Adrienne
Owen had a little bit of money with him, so we were able to grab a night at a shitty motel off the highway about 50 miles down the road. He said that we can find a bank and a gas station and figure out a more solid plan tomorrow.
I was exhausted before we got back to the house, now I feel flat out delirious. Laying in my bed for the evening, the sheets around me feel like sandpaper. It’s awful. I look at the surroundings in the room and wish like hell that I was back in my room in my treehouse that Marshall built for me. For us. Tears begin forming again, spilling from the corners of my eyes. As hard as I try to keep my sniffling quiet, I can’t.
“Adrienne?” Owen asks from the double bed next to mine.
“I’m fine, Owen. Please just leave me alone,” I cry.
He does. Before long, I hear the sound of deep breathing coming from his side of the room.
What if I overreacted tonight? What if I didn’t? What if Marshall is telling the truth? What if he isn’t? I don’t know what to think. My mind is racing a mile a minute. I can’t figure out where one thought ends and another begins. For hours, I lay there thinking about nothing and everything. At some point, my mind finally surrendered to the darkness and I fall asleep.
* * *
The sound of Owen stirring forces me to break free from the shallow slumber that I’ve been in the majority of the night. I have my back to him, but I hear him yawn and stretch. I hear the bed groan underneath him with each move. The sound of a zipper being pulled one way and then another across its track can be heard just before his footsteps alert me that he is headed my way. He walks past my bed and into the awful, mint green bathroom. I hear the sound of him relieving himself followed by the familiar pattern of water beating down onto the fiberglass surface of the bathtub.
His presence makes me think about the events of last night all over again. It’s not fair for me to be mad at him. He didn’t do anything, he was just the messenger. But I can’t help it, something feels off. Something about this whole situation rubs me the wrong way. Before I have a chance to evaluate my feelings further, sleep pulls me under once more.
“Adrienne? It’s almost noon. Why don’t you get up and we can go get something to eat?”
I turn over so I am facing him.
“I’m not hungry,” I answer.
“How about some coffee? I have to go find a gas station and an ATM. I can stop in at the motel diner and grab you some to go.”
“Yeah, okay.” I answer.
“I won’t be gone long. There has to be a gas station with an ATM close by. I’ll lock the door behind me, okay?”

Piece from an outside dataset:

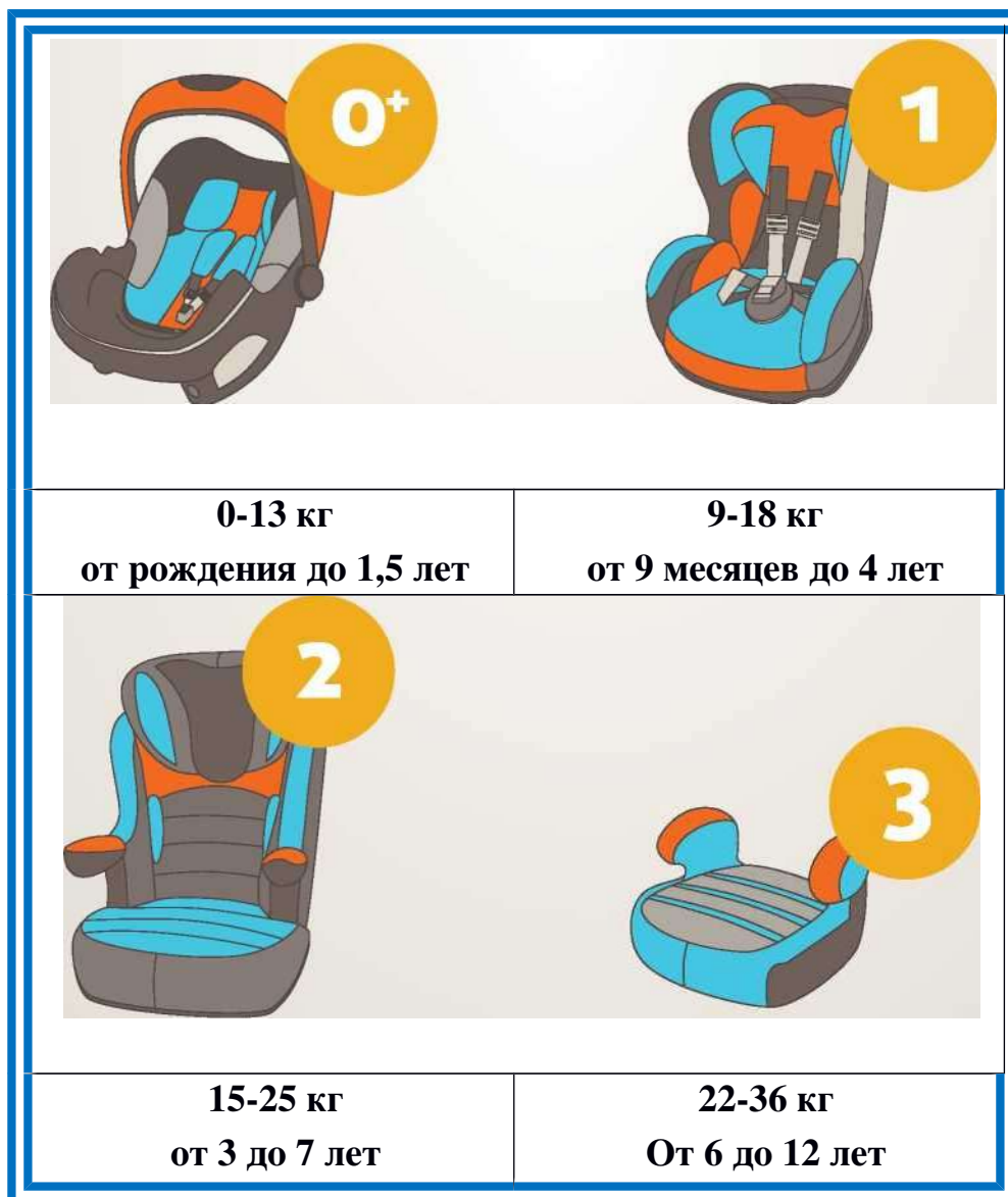
Рисунок 1. Виды детских удерживающих устройств.

Позиция Госавтоинспекции заключается в том, что ребенка в возрасте от 8 до 12 лет как можно дольше надо перевозить в автомобиле именно с использованием детского удерживающего устройства, обеспечивая тем самым наиболее безопасные условия перевозки.

I nod. My mind is telling me that I should get up. Maybe take a shower. My body is telling me that there is no way that’s happening. My muscles feel weighed down, like there is steel in my veins.
* * *
“Hey, I’m back.” I feel someone shaking me gently as the glorious smell of coffee assaults my senses. I roll over onto my back and stare at the ceiling. Owen is sitting in a chair next to my bed and it makes me flashback to when Marshall was sitting next to my bed in the hospital.
Stop that, Adrienne. I rub my eyes, trying to force the memory away.
I sit up and take my coffee from Owen.
“Thank you, Owen. I really appreciate it.” I rest my back against the headboard of the bed and take a sip and it hits the spot. The anger I felt toward him earlier this morning seems to have dissipated. I’m glad. It was stupid for me to feel any animosity toward him for what happened.
“May I?” Owen asks, pointing to the empty spot next to me.
“Sure.”
Taking his shoes off, he sits on top of the comforter and puts his arm around me. I lean my head in and rest it on his shoulder. Just like I used to do at Lock’s.
“I don’t know what to do, Owen.” I hear him swallow, but he doesn’t say anything.
“Just take it day-by-day. We’ll figure it out,” he says after a while. He moves some of my hair back behind my ear.
I want his words to comfort me. I want them to wrap me up and make me believe that everything is going to be alright.
But they don’t.
“I just don’t understand. I know that I mentioned to you before about being irritated that they would talk about me like a medical case, which I was. I would find out after the fact that they would talk about me when I wasn’t around, but at the end of the day it really didn’t bother me that much. And I never, ever would have thought that there was anything going on between them. Nothing that they did or said ever led me to think that.”